- ASSIGNMENT
Repeat verbatim each line from the line with "Silicone Plug &" to the end of the entries. Pictures do not belong in the copy.

- DATASET EXCERPTS
====================

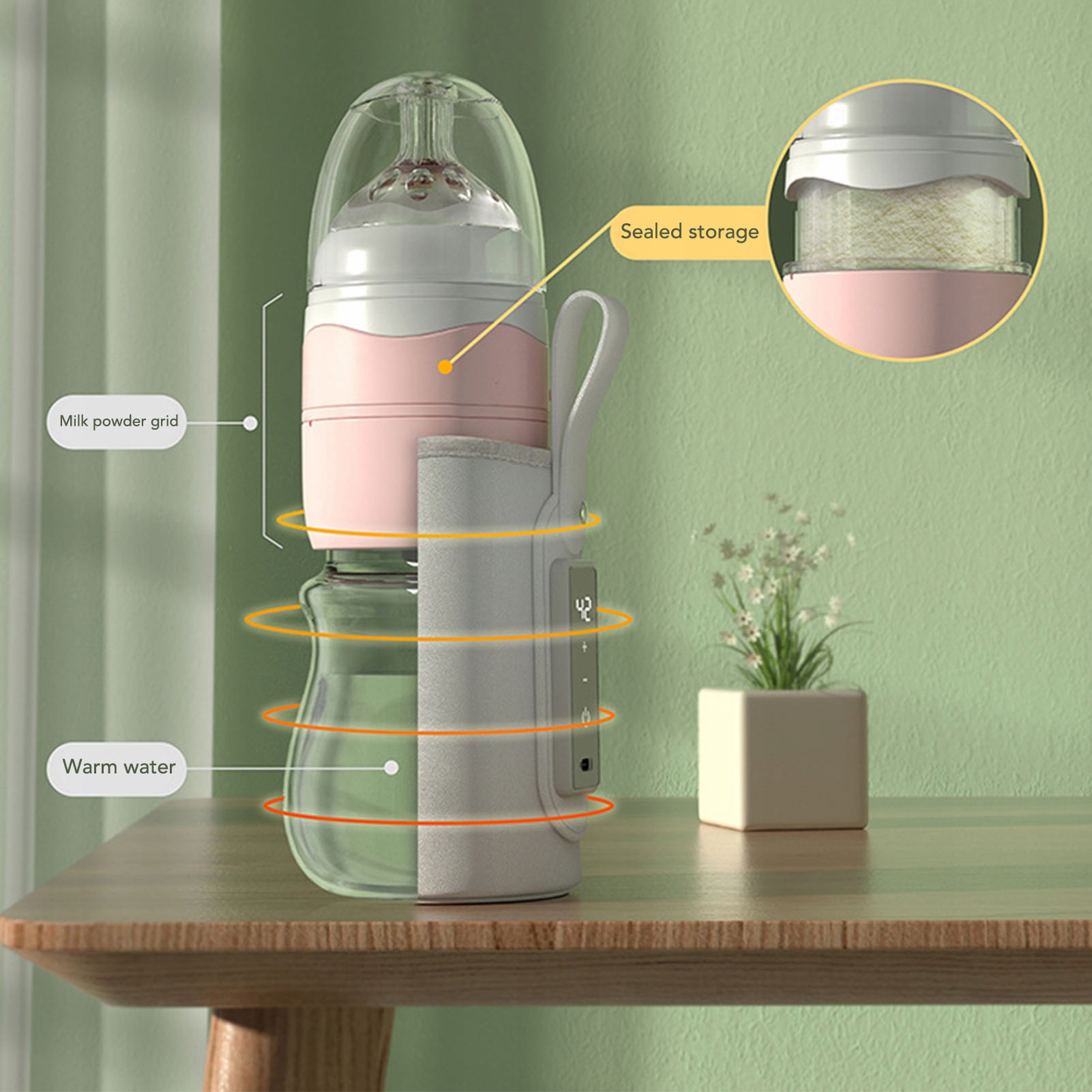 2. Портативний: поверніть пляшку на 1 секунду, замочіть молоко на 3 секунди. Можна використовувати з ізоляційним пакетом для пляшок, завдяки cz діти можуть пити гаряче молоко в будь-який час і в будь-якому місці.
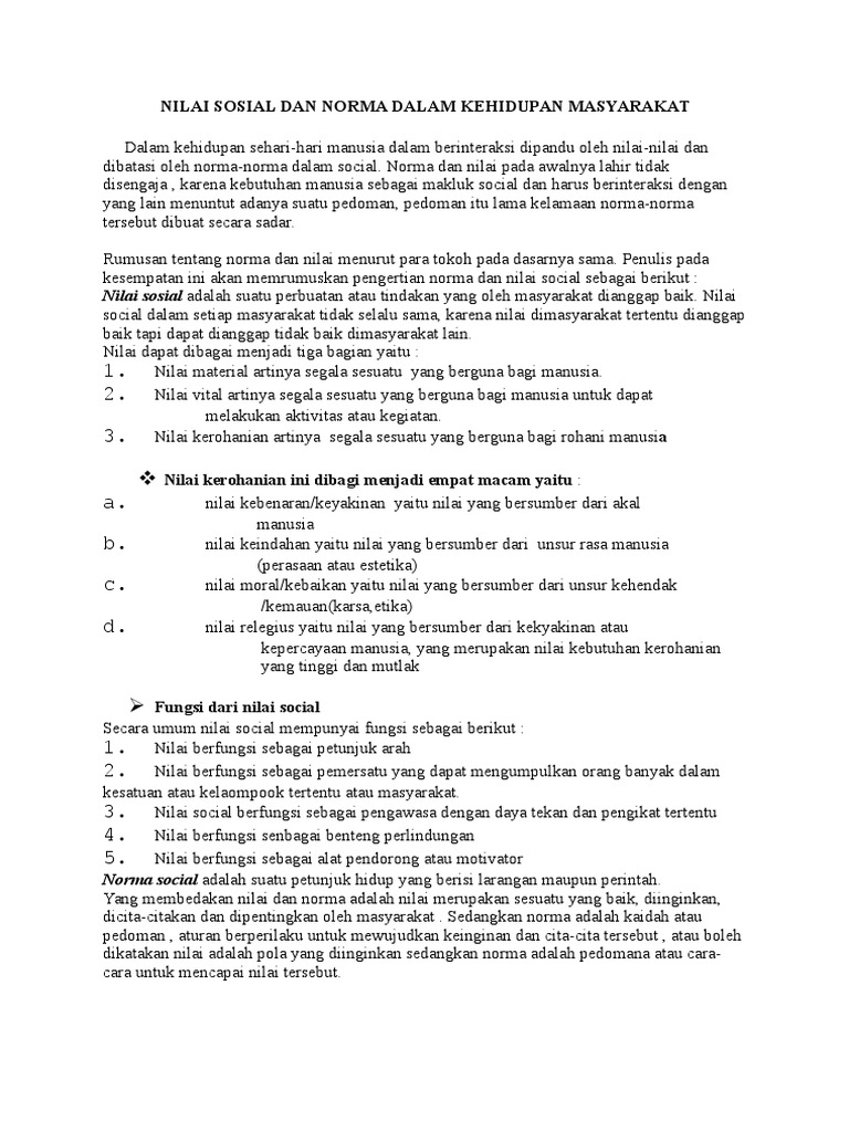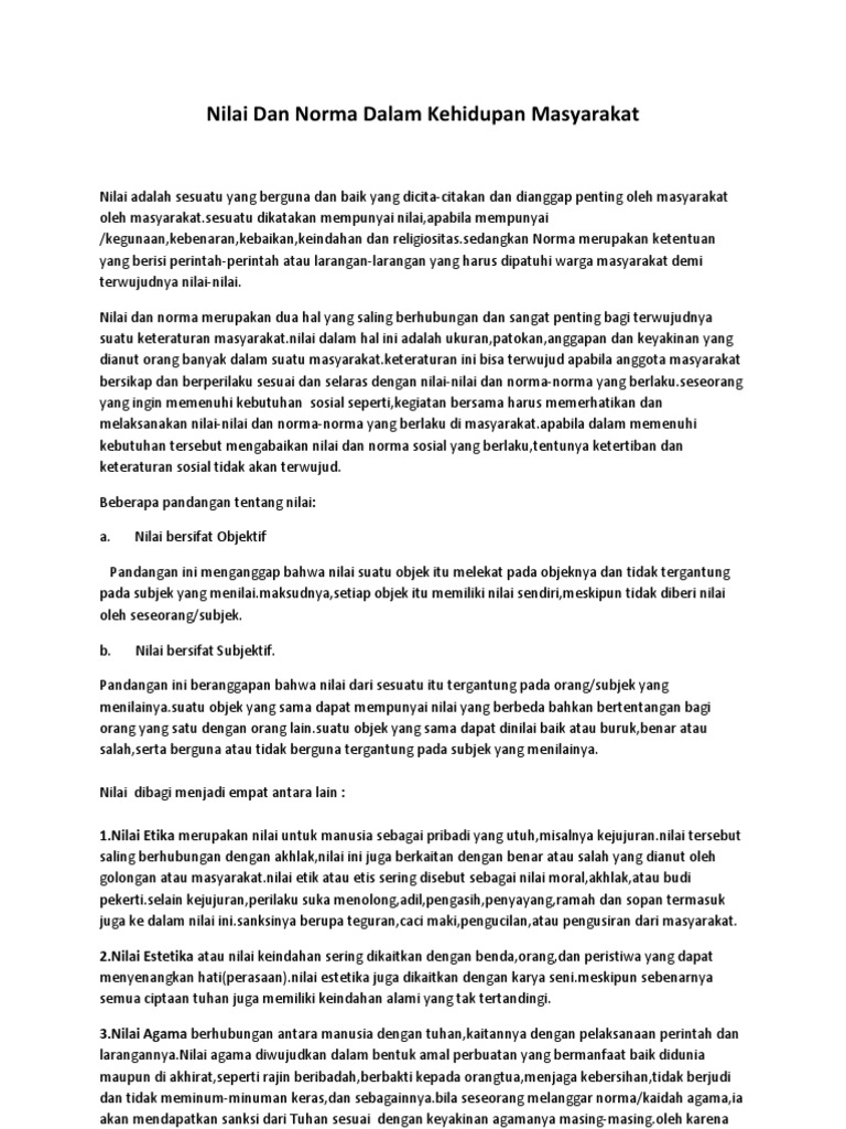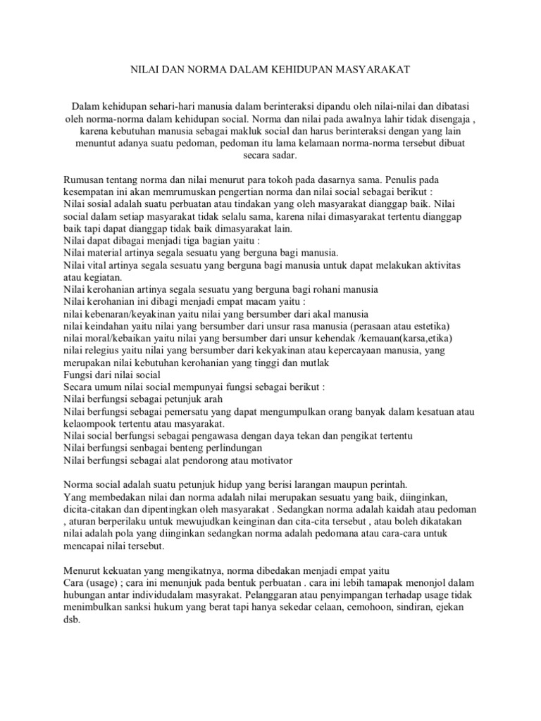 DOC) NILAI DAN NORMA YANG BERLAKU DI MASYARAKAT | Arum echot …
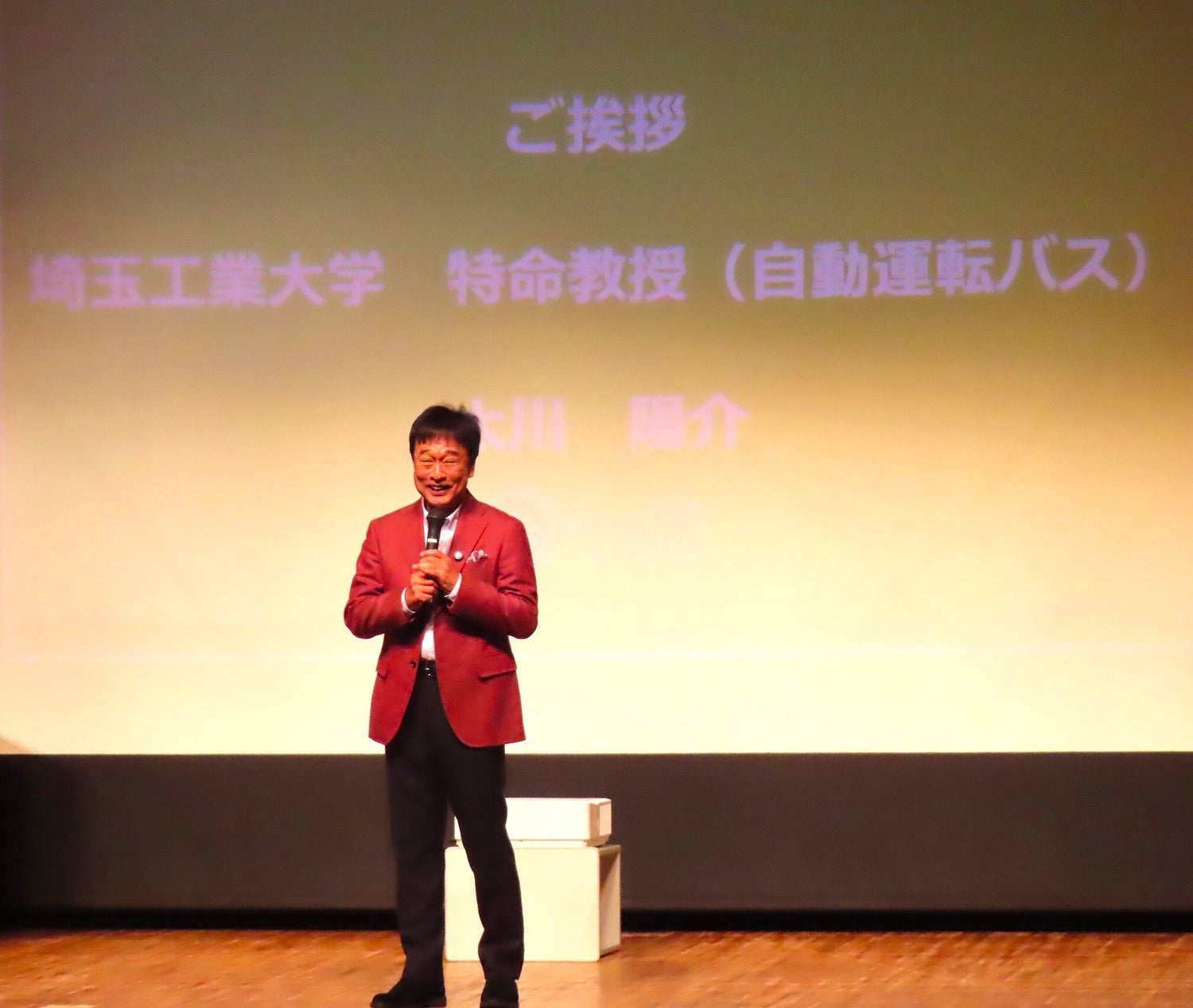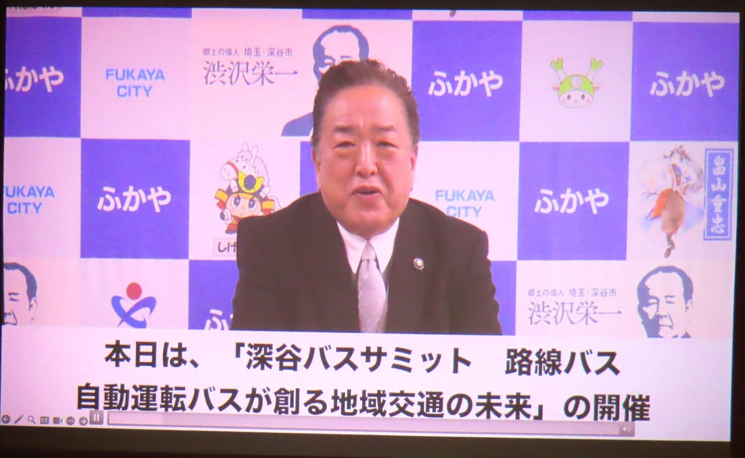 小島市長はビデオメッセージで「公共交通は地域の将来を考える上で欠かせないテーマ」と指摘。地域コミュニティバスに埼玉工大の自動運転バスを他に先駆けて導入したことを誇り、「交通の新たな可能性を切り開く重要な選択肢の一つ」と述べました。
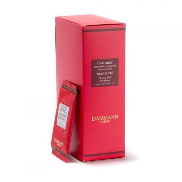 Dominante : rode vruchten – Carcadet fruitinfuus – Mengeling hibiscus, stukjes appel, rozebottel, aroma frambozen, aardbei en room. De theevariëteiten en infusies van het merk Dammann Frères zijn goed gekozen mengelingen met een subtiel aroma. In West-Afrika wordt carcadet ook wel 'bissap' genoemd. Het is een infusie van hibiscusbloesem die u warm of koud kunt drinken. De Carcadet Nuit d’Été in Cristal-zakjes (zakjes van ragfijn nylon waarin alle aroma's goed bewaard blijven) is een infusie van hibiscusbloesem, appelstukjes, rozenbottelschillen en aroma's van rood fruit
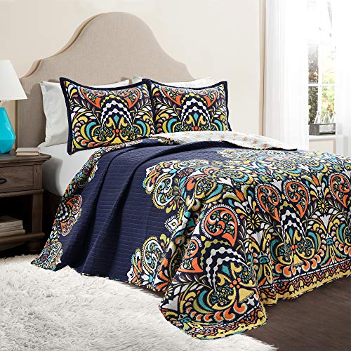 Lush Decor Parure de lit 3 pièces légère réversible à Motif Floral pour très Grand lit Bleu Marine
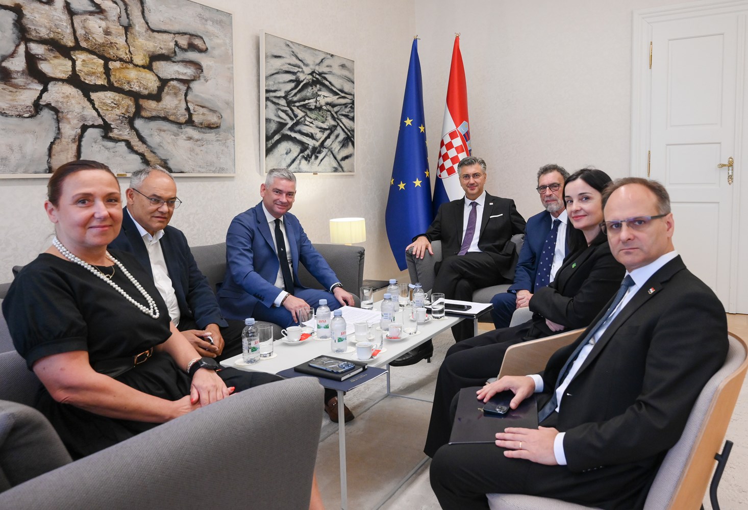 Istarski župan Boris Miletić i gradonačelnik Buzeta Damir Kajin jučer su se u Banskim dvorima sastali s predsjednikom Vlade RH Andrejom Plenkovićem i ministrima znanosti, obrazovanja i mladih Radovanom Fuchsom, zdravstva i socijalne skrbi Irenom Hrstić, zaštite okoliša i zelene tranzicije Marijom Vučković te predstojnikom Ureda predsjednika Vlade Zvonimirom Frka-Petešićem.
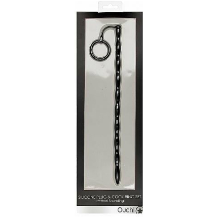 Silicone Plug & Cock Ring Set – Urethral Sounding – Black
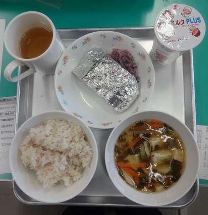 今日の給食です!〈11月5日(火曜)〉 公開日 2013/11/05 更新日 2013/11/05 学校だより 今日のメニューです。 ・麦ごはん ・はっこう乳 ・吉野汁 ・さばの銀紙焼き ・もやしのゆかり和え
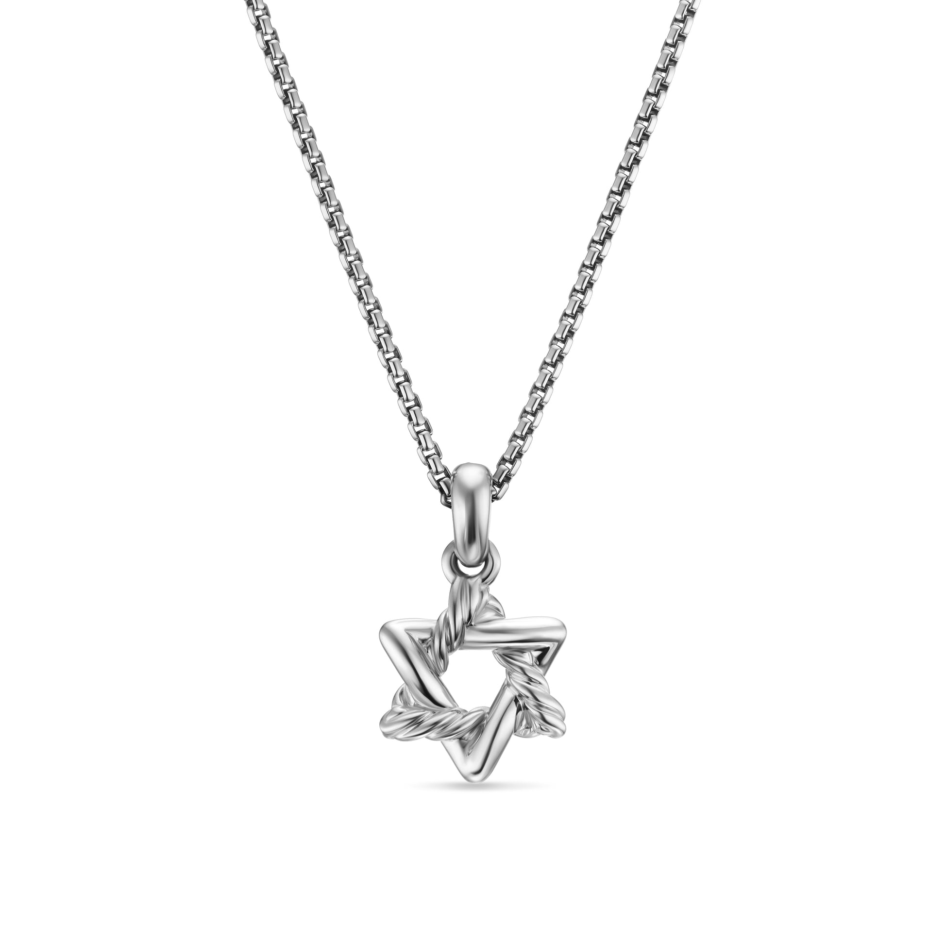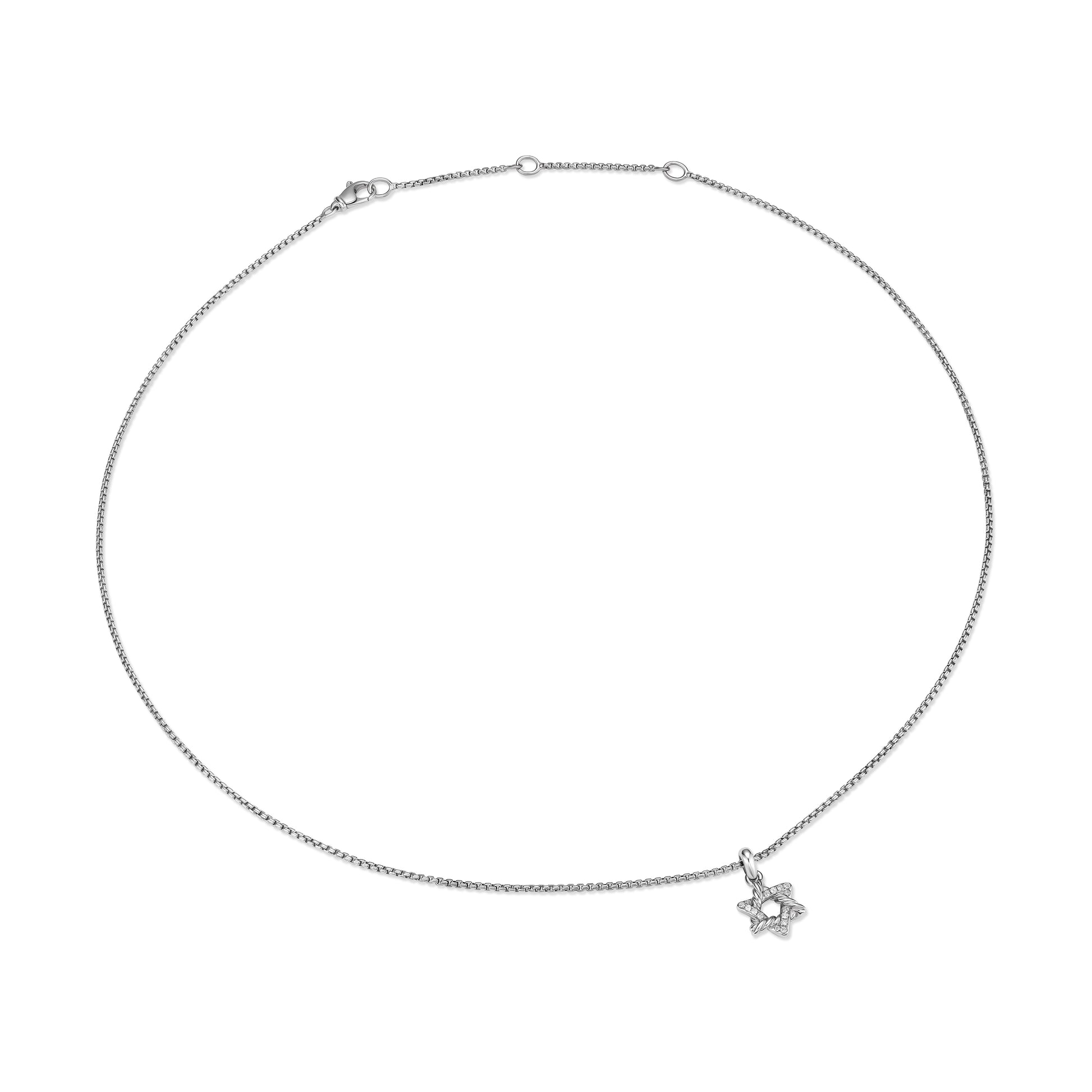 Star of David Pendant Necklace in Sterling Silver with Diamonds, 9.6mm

====================

- RESPONSE BOX
 Silicone Plug & Cock Ring Set – Urethral Sounding – Black
 今日の給食です!〈11月5日(火曜)〉 公開日 2013/11/05 更新日 2013/11/05 学校だより 今日のメニューです。 ・麦ごはん ・はっこう乳 ・吉野汁 ・さばの銀紙焼き ・もやしのゆかり和え
 Star of David Pendant Necklace in Sterling Silver with Diamonds, 9.6mm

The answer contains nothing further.